**Work task:**
All of the data that follows is to be written out exactly, with images excluded.

*** Opening of Stored data ***

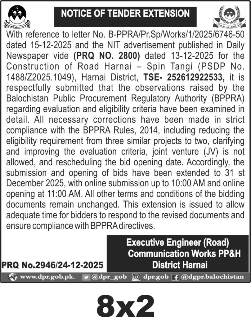 The tender is issued by the Executive Engineer (Road) Communication Works PP&H District Harnai. All other terms and conditions remain unchanged, ensuring compliance with BPPRA directives and facilitating fair competition.
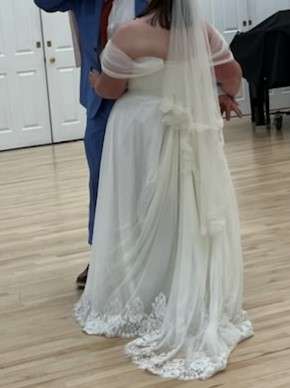 Larger girl who needs a deal on an expensive dress? This size 18/20, corset back dress was originally $1700 but you can own it for only $850. Only worn once, and comes with a veil, all you need is someone on the other end of the aisle. Alerted only for length to fit a 5'4" woman in flat shoes, and an added bustle. Unfortunatly need to sell it to help pay for the honeymoon baby we've ended up with.
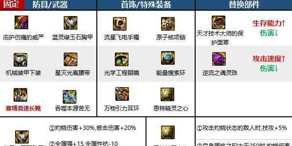 防具推荐:庇护伤痛的威严+蓝灵胸甲+机械下装+星灭腰带+所愿之行动
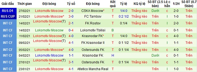 Tuy nhiên ở cả 7 lần gặp nhau trước đó giữa hai đội, phần thắng đều luôn thuộc về đội chủ nhà. Ngoài ra thành tích du đấu của Lokomotiv Moscow tại giải VĐQG là rất tệ khi chỉ hòa được 1 lần duy nhất, thua cả 4 trận trong 5 lần du đấu gần nhất. Thế nên chọn cửa dưới ở trận đấu này là hoàn toàn có cơ sở.

*** Close of Stored data ***

**Solution to the exercise:**
 The tender is issued by the Executive Engineer (Road) Communication Works PP&H District Harnai. All other terms and conditions remain unchanged, ensuring compliance with BPPRA directives and facilitating fair competition.
 Larger girl who needs a deal on an expensive dress? This size 18/20, corset back dress was originally $1700 but you can own it for only $850. Only worn once, and comes with a veil, all you need is someone on the other end of the aisle. Alerted only for length to fit a 5'4" woman in flat shoes, and an added bustle. Unfortunatly need to sell it to help pay for the honeymoon baby we've ended up with.
 防具推荐:庇护伤痛的威严+蓝灵胸甲+机械下装+星灭腰带+所愿之行动
 Tuy nhiên ở cả 7 lần gặp nhau trước đó giữa hai đội, phần thắng đều luôn thuộc về đội chủ nhà. Ngoài ra thành tích du đấu của Lokomotiv Moscow tại giải VĐQG là rất tệ khi chỉ hòa được 1 lần duy nhất, thua cả 4 trận trong 5 lần du đấu gần nhất. Thế nên chọn cửa dưới ở trận đấu này là hoàn toàn có cơ sở.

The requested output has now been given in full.